→ WHAT IS BEING ASKED
Nothing below is to be printed except the lines between the line holding "[keyword|あったか 掛け布団カバー シングル" and the line holding "- POWTECH 15", inclusive, each exactly as it appears.
··· INFORMATION SUPPLIED ···
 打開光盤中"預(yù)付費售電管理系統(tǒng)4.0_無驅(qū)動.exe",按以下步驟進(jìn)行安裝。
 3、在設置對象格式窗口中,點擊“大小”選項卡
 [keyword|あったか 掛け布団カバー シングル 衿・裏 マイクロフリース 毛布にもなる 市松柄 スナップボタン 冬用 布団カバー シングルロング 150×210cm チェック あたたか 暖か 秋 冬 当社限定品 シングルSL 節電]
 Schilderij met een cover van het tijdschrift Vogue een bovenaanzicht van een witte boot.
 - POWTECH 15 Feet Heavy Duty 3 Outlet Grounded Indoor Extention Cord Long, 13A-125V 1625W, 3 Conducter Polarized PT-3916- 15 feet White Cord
···
··· INFORMATION SUPPLIED ···
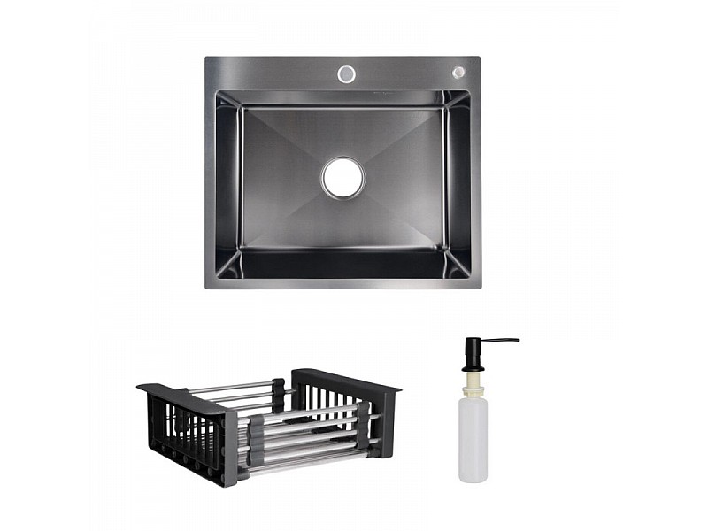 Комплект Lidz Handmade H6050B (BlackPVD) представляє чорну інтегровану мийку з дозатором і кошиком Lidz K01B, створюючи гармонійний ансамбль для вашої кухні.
···
··· INFORMATION SUPPLIED ···
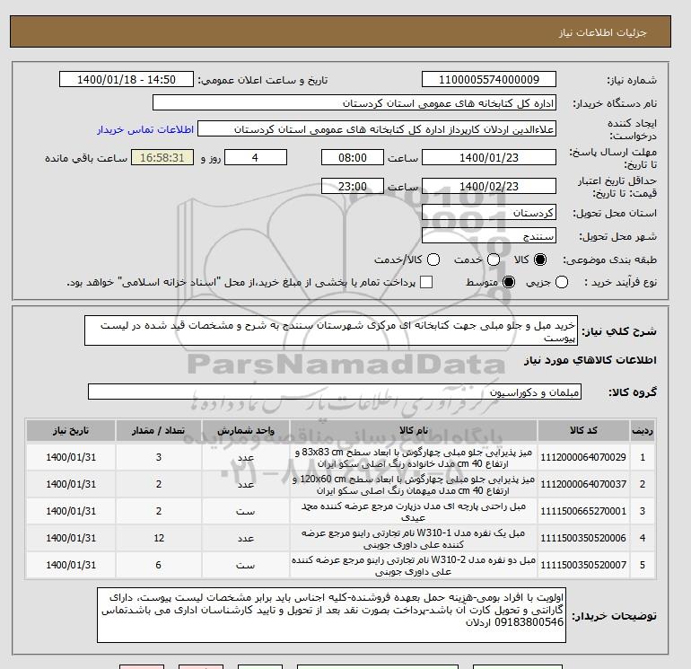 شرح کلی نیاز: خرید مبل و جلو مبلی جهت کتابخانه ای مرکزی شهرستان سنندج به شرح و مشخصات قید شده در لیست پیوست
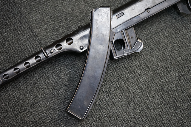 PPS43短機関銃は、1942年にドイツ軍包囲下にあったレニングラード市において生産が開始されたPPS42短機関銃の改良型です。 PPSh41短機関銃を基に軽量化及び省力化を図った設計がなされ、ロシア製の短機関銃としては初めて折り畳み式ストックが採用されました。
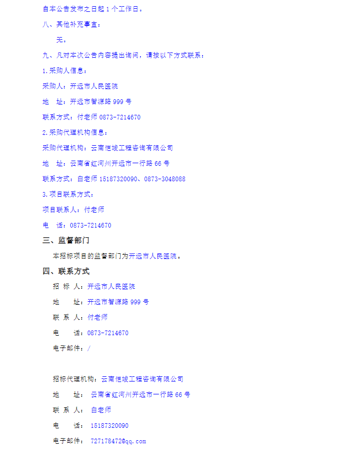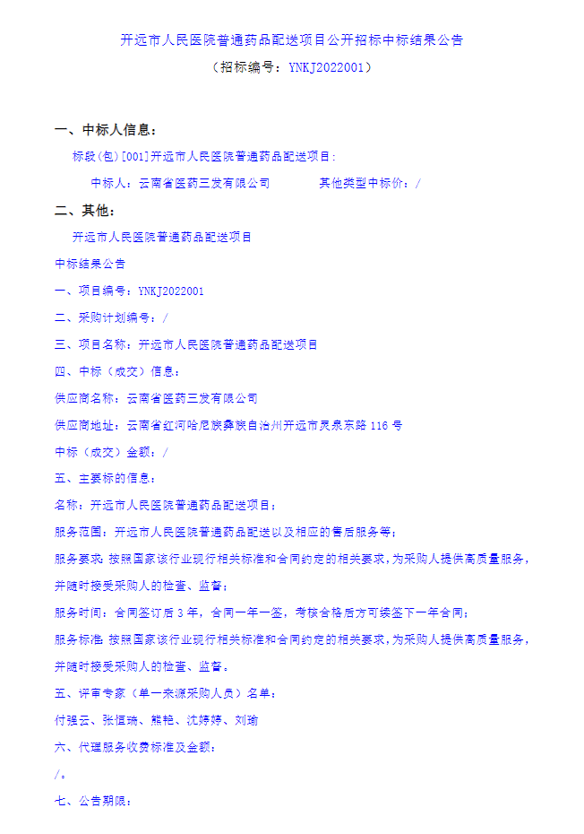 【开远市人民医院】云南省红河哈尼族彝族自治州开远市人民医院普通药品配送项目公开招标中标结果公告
···
→ RESPONSE AREA
 [keyword|あったか 掛け布団カバー シングル 衿・裏 マイクロフリース 毛布にもなる 市松柄 スナップボタン 冬用 布団カバー シングルロング 150×210cm チェック あたたか 暖か 秋 冬 当社限定品 シングルSL 節電]
 Schilderij met een cover van het tijdschrift Vogue een bovenaanzicht van een witte boot.
 - POWTECH 15 Feet Heavy Duty 3 Outlet Grounded Indoor Extention Cord Long, 13A-125V 1625W, 3 Conducter Polarized PT-3916- 15 feet White Cord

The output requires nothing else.